Figure (a) shows a red car and a green car that move toward each other. Figure (b) is a graph of their motion, showing the positions xg0 = 270 m and xr0 = -35 m at time t = 0. The green car has a constant speed of 24 m/s and the red car begins from rest. What is the acceleration magnitude of the red car?
On figure b, a position graph. Where the meet, note the time, and position.
so the distance traveled by carr, is from -35 to the meeting position. So you have time in motion, and distance for car red.
d=vi*t+1/2 a t^2 vi=0, so you can figure a from your distance (from -35 to final position) and time.
To find the acceleration magnitude of the red car, we need to determine its change in velocity over time. We can do this by using the equation of motion:
Δv = v_f - v_i,
where Δv is the change in velocity, v_f is the final velocity, and v_i is the initial velocity.
In this case, the green car has a constant speed of 24 m/s, so its velocity remains unchanged throughout.
The initial velocity of the red car (v_i) is 0 m/s since it starts from rest. We need to find the final velocity of the red car (v_f).
From the given information in Figure (b), we can see that the positions of the red and green cars at time t = 0 are xg0 = 270 m and xr0 = -35 m, respectively.

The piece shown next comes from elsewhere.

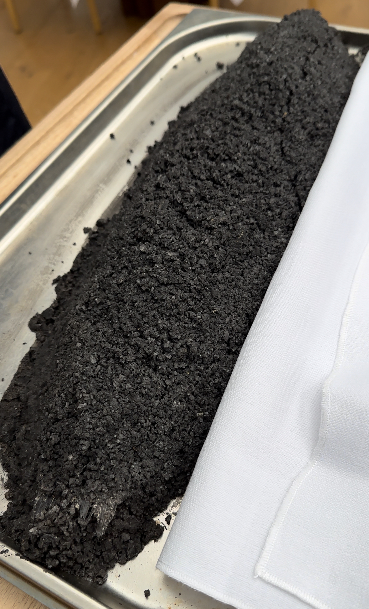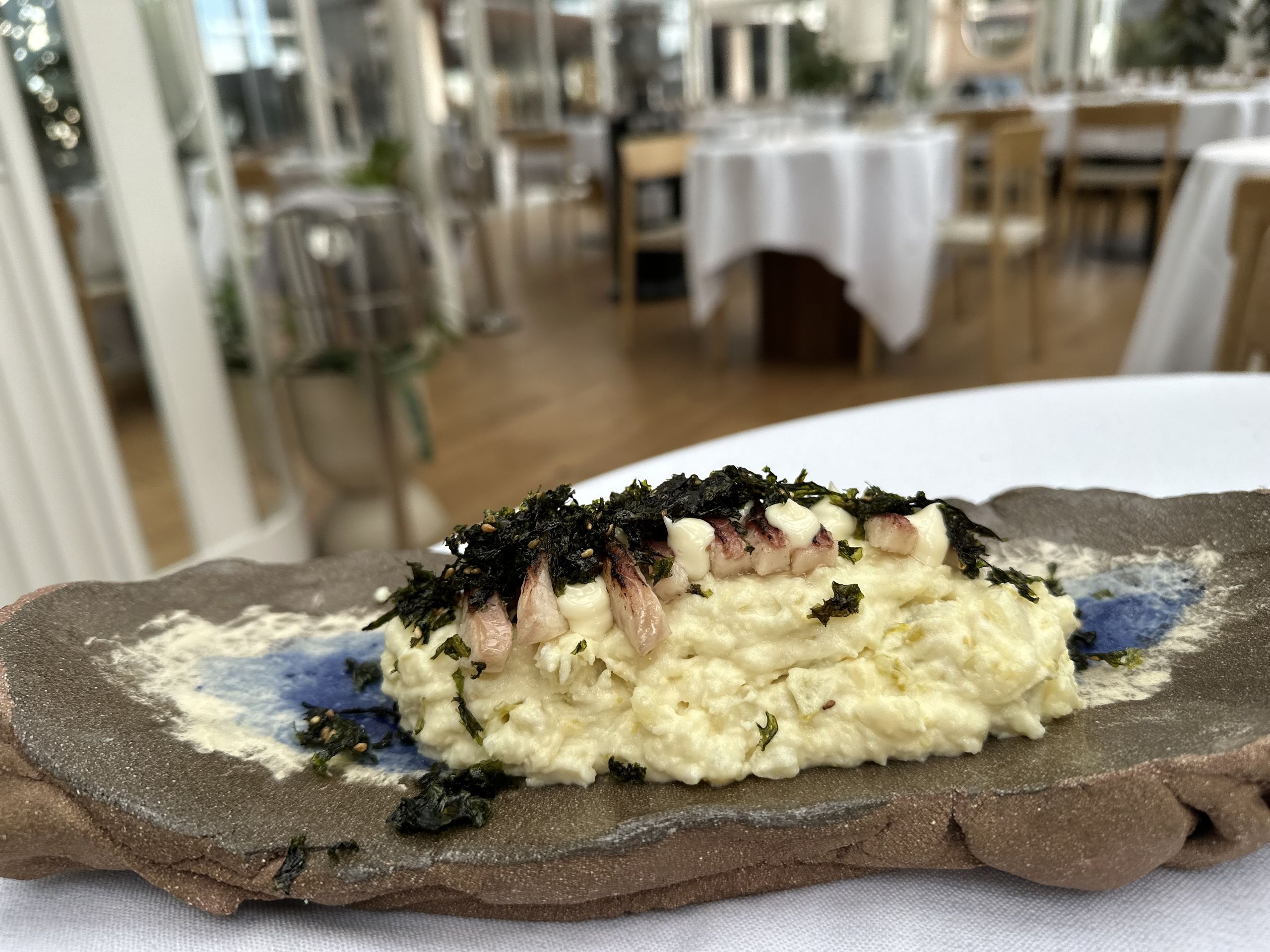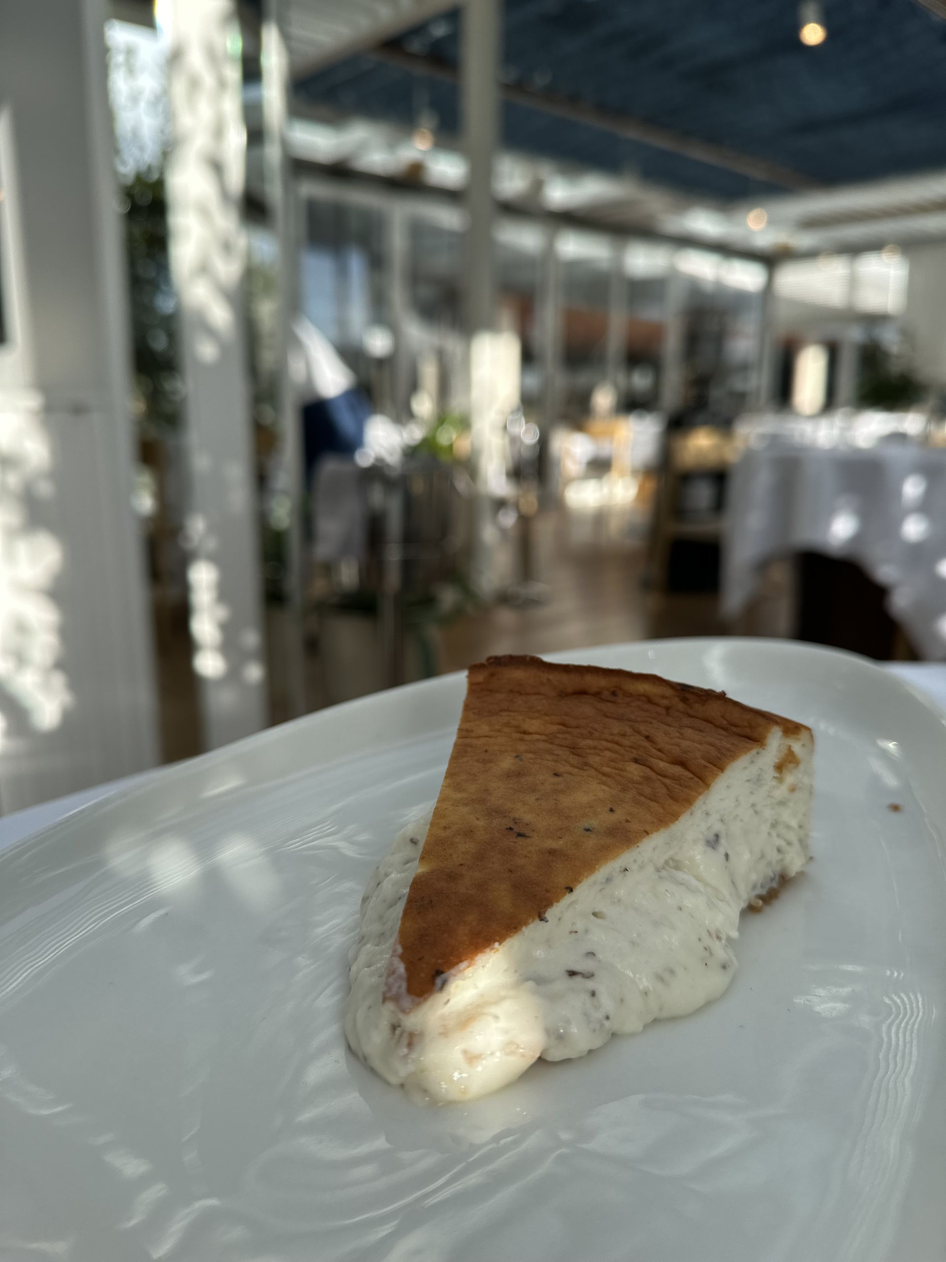 La tarta de queso de Dani García es un clásico en sus restaurantes, pero en esta ocasión probamos la tarta de queso con trufa que le da un contraste salino muy interesante.

Using the formula for calculating velocity given initial position (x0) and final position (x_f):
v = (x_f - x_0) / t,
we can calculate the final velocity of the red car:
v_f = (xr - xr0) / t,
where xr is the position of the red car at a later time.
Let's assume xr is the new position of the red car at time t.
We know from the problem statement that the green car moves toward the red car, so their positions will converge. This means that at some point, xr and xg will be the same, so:
xr = xg.
Therefore, we can substitute the positions:
xr = x_f = xg.
Now we can calculate the final velocity of the red car:
v_f = (xg - xr0) / t.
Since the green car travels at a constant speed of 24 m/s, the time it takes for the green car to cover the distance between the initial positions of the two cars is:
t = (xg - xr0) / v_g,
where v_g is the velocity of the green car.
Substituting the values:
t = (270 m - (-35 m)) / 24 m/s.
Simplifying:
t = 11.25 s.
Now that we have the time it takes for the green car to reach the initial position of the red car, we can calculate the final velocity of the red car using the equation we derived earlier:
v_f = (xg - xr0) / t,
v_f = (270 m - (-35 m)) / 11.25 s.
Simplifying:
v_f = 28 m/s.
Next, we can calculate the acceleration of the red car using the formula:
a = (v_f - v_i) / t,
where a is the acceleration we are looking for, v_f is the final velocity of the red car, v_i is its initial velocity (which is 0 m/s since it starts from rest), and t is the time it takes for the green car to reach the initial position of the red car.
Plugging in the values:
a = (28 m/s - 0 m/s) / 11.25 s.
Simplifying:
a = 2.49 m/s^2.
Therefore, the acceleration magnitude of the red car is approximately 2.49 m/s^2.